### [Collected material]
======
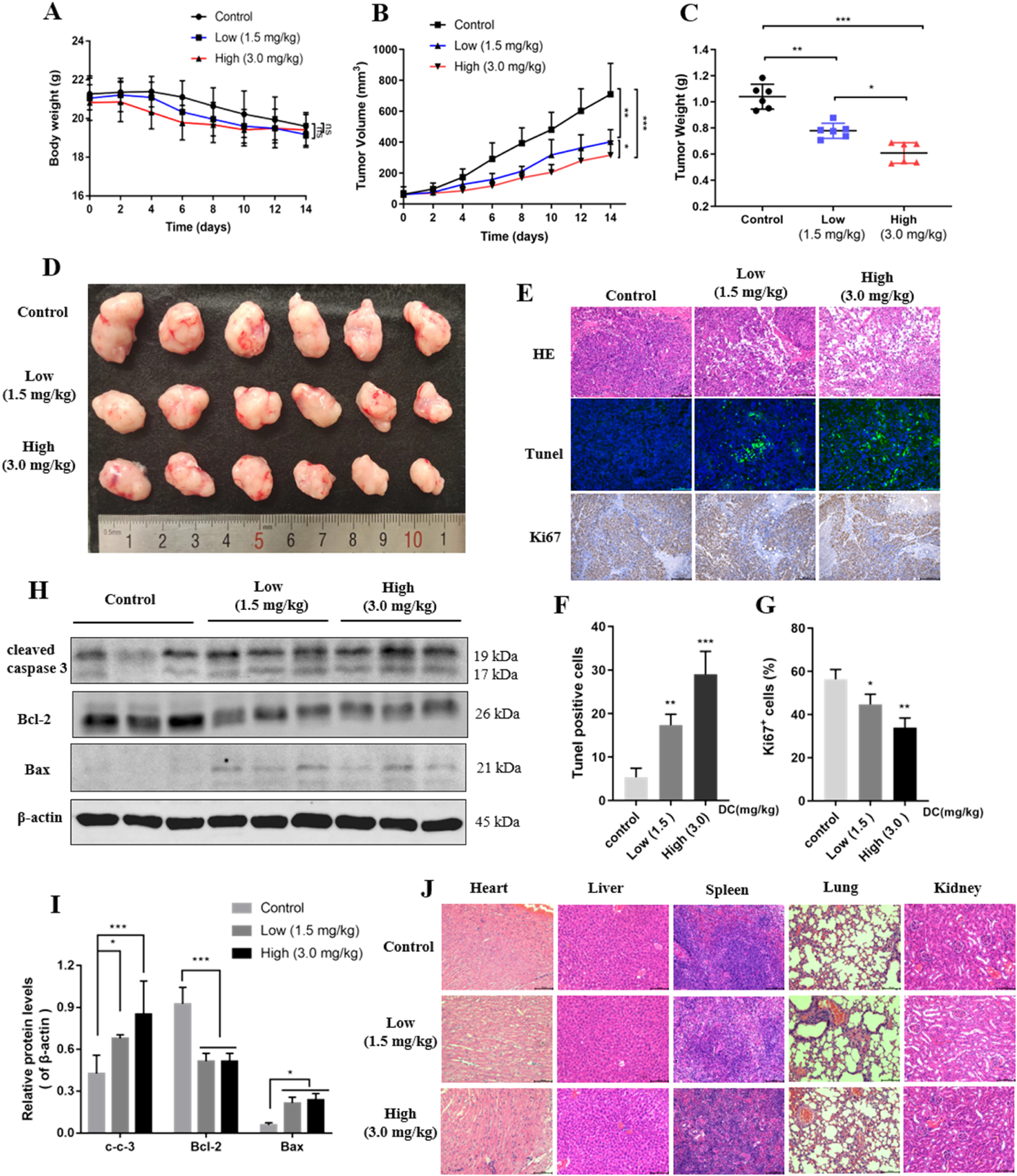 DC suppressed tumor growth in HT-29 cell xenograft mice. HT-29 cells were subcutaneously injected into the right flanks of nude mice, and saline or DC was administrated intraperitoneally daily for 14 days. (A) Time course of body weight (n = 6). (B) Time course of tumor growth progression (n = 6). (C) Tumor weight measured at the end of the experiment (n = 6). (D) Images of the excised tumors at the end of the experiment. (E) Tumor sections were subjected to HE, tunel and immunohistochemistry staining for Ki67. (F,G) The cell number of tunel and ki67 were quantitatively analyzed. (H) The relative protein expression levels of cleaved-caspase 3, Bcl-2, Bax compared to β-actin in the tumor tissues. (I) Detection of apoptosis related proteins by Western blot analysis. (J) Hearts, livers, spleens, lungs, and kidneys were stained with H&E. Data are expressed as the mean ± S.D. of three independent experiments. Significance was determined by the one-way ANOVA (***P < 0.001, **P < 0.01, *P < 0.05 vs. control).
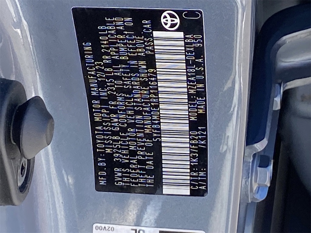 - VIN : 5YFB4MDE1RP116479
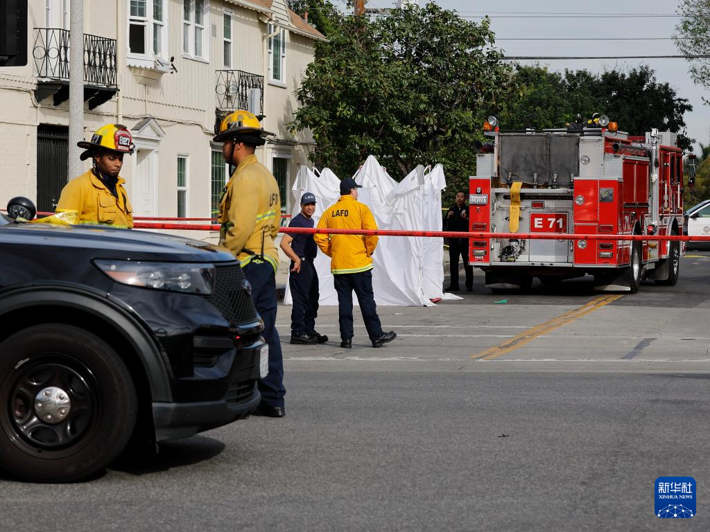 2月5日,警察和消防员在美国洛杉矶市韦斯特伍德区的事发现场工作。
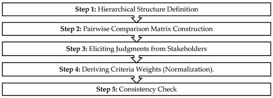The Analytic Hierarchy Process (AHP), originally introduced by Saaty (1987) [], is a structured method for multi-criteria decision analysis. It breaks down complex problems into a hierarchy consisting of an overall goal, a set of criteria and sub-criteria, and the available alternatives. This hierarchical organization enables decision-makers to systematically assess how each alternative contributes to the overall objective, taking into account multiple—often conflicting—factors. AHP combines quantitative data with expert judgment in a transparent and logically consistent framework, providing a clear rationale for prioritization. As shown in Figure 3, the procedure consists of five main steps. In the present application, AHP is used in a restricted way, namely only to obtain the relative weights of the five criteria through pairwise comparisons, without additional sub-criteria levels or comparisons at the alternative level.
======
### [Work instruction]
Exactly as they appear, transcribe the lines from the top of the material above through the line with "2月5日,警察和消防员在美国洛杉矶市韦斯特伍德区的事发现场工作。". Omit any picture.

### [Result of this task]
 DC suppressed tumor growth in HT-29 cell xenograft mice. HT-29 cells were subcutaneously injected into the right flanks of nude mice, and saline or DC was administrated intraperitoneally daily for 14 days. (A) Time course of body weight (n = 6). (B) Time course of tumor growth progression (n = 6). (C) Tumor weight measured at the end of the experiment (n = 6). (D) Images of the excised tumors at the end of the experiment. (E) Tumor sections were subjected to HE, tunel and immunohistochemistry staining for Ki67. (F,G) The cell number of tunel and ki67 were quantitatively analyzed. (H) The relative protein expression levels of cleaved-caspase 3, Bcl-2, Bax compared to β-actin in the tumor tissues. (I) Detection of apoptosis related proteins by Western blot analysis. (J) Hearts, livers, spleens, lungs, and kidneys were stained with H&E. Data are expressed as the mean ± S.D. of three independent experiments. Significance was determined by the one-way ANOVA (***P < 0.001, **P < 0.01, *P < 0.05 vs. control).
 - VIN : 5YFB4MDE1RP116479
 2月5日,警察和消防员在美国洛杉矶市韦斯特伍德区的事发现场工作。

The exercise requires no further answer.